The village of Phini, in the scenic Troödos Mountains Photo: Alamy
At last, tourists are returning to Cyprus, says Paul Kendall, who ‘risked’ a holiday there at the height of its banking crisis on Telegraph.
Beside a coastal road, outside an empty villa, stands a billboard for the Cyprus Samaritans. “We listen. We care,” it says. “When times are hard, contact us.” The advertisement isn’t new; the Samaritans have been operating in Cyprus since 1997, but never before has its message been so relevant. Earlier this year, Cyprus’s government staged an unprecedented raid on its citizens’ bank accounts. Anything over €100,000 (£85,000) in the country’s two biggest banks was frozen with immediate effect; today it’s still not clear whether any of it will ever be returned.

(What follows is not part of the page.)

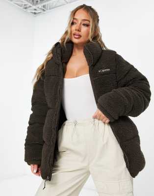Columbia Puffect sherpa unisex puffer jacket in brown Exclusive at ASOS

The move – carried out at the insistence of the European Union and the International Monetary Fund – left countless retirement plans in tatters. It also brought to a screeching halt a cavalier economic experiment which had seen Cyprus’s banking sector grow to eight times the size of the country’s GDP, a figure higher than in Iceland or Ireland, two of Europe’s biggest basket cases.

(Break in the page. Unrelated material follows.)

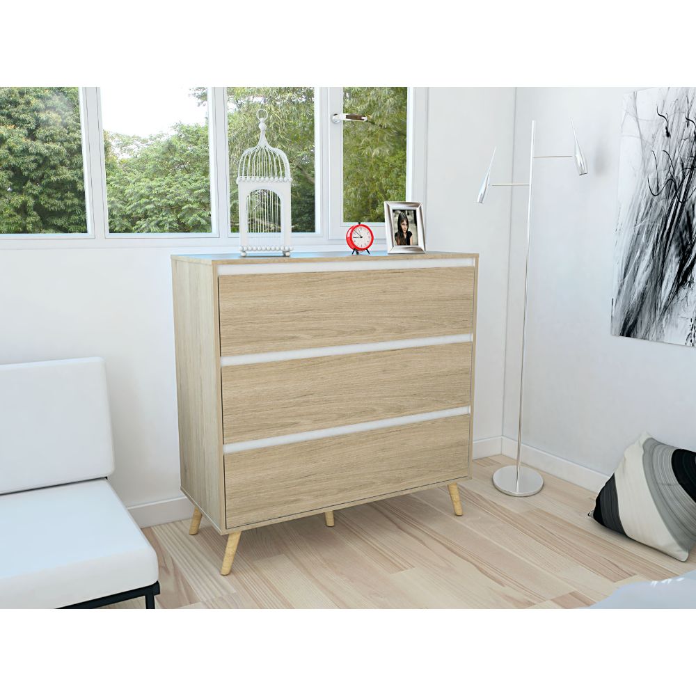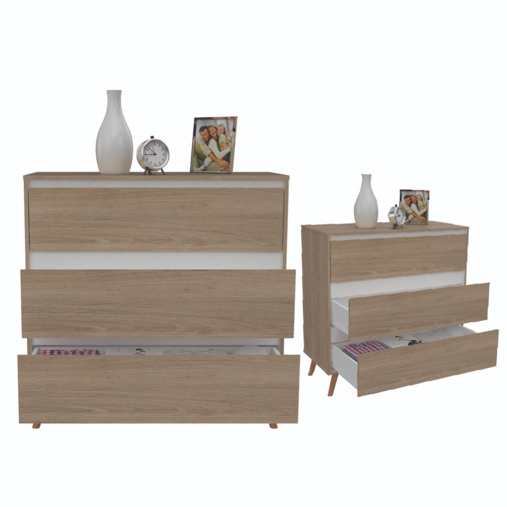 Organizador durham, beige y blanco, con tres cajones amplios y patas en madera x2

To make matters worse, when Cyprus needed them most, its holidaymakers stopped coming. In the run-up to Easter, when Cyprus is usually one of the most popular destinations for British tourists, bookings fell through the floor. The website Lastminute.com reported a 75 per cent drop compared with the same period last year; hotels that would normally have been packed were left deserted.

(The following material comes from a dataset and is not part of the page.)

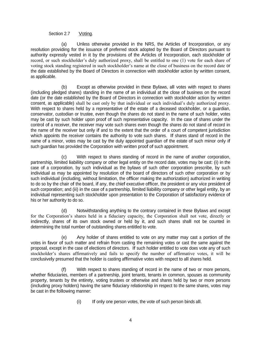 4 Section 2.7 Voting. (a) Unless otherwise provided in the NRS, the Articles of Incorporation, or any resolution providing for the issuance of preferred stock adopted by the Board of Directors pursuant to authority expressly vested in it by the provisions of the Articles of Incorporation, each stockholder of record, or such stockholder’s duly authorized proxy, shall be entitled to one (1) vote for each share of voting stock standing registered in such stockholder’s name at the close of business on the record date or the date established by the Board of Directors in connection with stockholder action by written consent, as applicable. (b) Except as otherwise provided in these Bylaws, all votes with respect to shares (including pledged shares) standing in the name of an individual at the close of business on the record date (or the date established by the Board of Directors in connection with stockholder action by written consent, as applicable) shall be cast only by that individual or such individual’s duly authorized proxy. With respect to shares held by a representative of the estate of a deceased stockholder, or a guardian, conservator, custodian or trustee, even though the shares do not stand in the name of such holder, votes may be cast by such holder upon proof of such representative capacity. In the case of shares under the control of a receiver, the receiver may vote such shares even though the shares do not stand of record in the name of the receiver but only if and to the extent that the order of a court of competent jurisdiction which appoints the receiver contains the authority to vote such shares. If shares stand of record in the name of a minor, votes may be cast by the duly appointed guardian of the estate of such minor only if such guardian has provided the Corporation with written proof of such appointment. (c) With respect to shares standing of record in the name of another corporation, partnership, limited liability company or other legal entity on the record date, votes may be cast: (i) in the case of a corporation, by such individual as the bylaws of such other corporation prescribe, by such individual as may be appointed by resolution of the board of directors of such other corporation or by such individual (including, without limitation, the officer making the authorization) authorized in writing to do so by the chair of the board, if any, the chief executive officer, the president or any vice president of such corporation; and (ii) in the case of a partnership, limited liability company or other legal entity, by an individual representing such stockholder upon presentation to the Corporation of satisfactory evidence of his or her authority to do so. (d) Notwithstanding anything to the contrary contained in these Bylaws and except for the Corporation’s shares held in a fiduciary capacity, the Corporation shall not vote, directly or indirectly, shares of its own stock owned or held by it, and such shares shall not be counted in determining the total number of outstanding shares entitled to vote. (e) Any holder of shares entitled to vote on any matter may cast a portion of the votes in favor of such matter and refrain from casting the remaining votes or cast the same against the proposal, except in the case of elections of directors. If such holder entitled to vote does vote any of such stockholder’s shares affirmatively and fails to specify the number of affirmative votes, it will be conclusively presumed that the holder is casting affirmative votes with respect to all shares held. (f) With respect to shares standing of record in the name of two or more persons, whether fiduciaries, members of a partnership, joint tenants, tenants in common, spouses as community property, tenants by the entirety, voting trustees or otherwise and shares held by two or more persons (including proxy holders) having the same fiduciary relationship in respect to the same shares, votes may be cast in the following manner: (i) If only one person votes, the vote of such person binds all.

You couldn’t blame tourists for staying away. Photographs of long queues for cashpoint machines and reports in the papers of strict capital controls suggested it would be difficult to get money out. Retailers were on the brink of bankruptcy and those that survived were not taking cards. Worst of all, the Foreign Office’s advice – that holidaymakers should take enough cash to “cover the duration of their stay” – seemed to be a recipe for muggings.
“Advising people to take large amounts of cash to a place where people are desperate for it is an open invitation to criminals,” said one MP.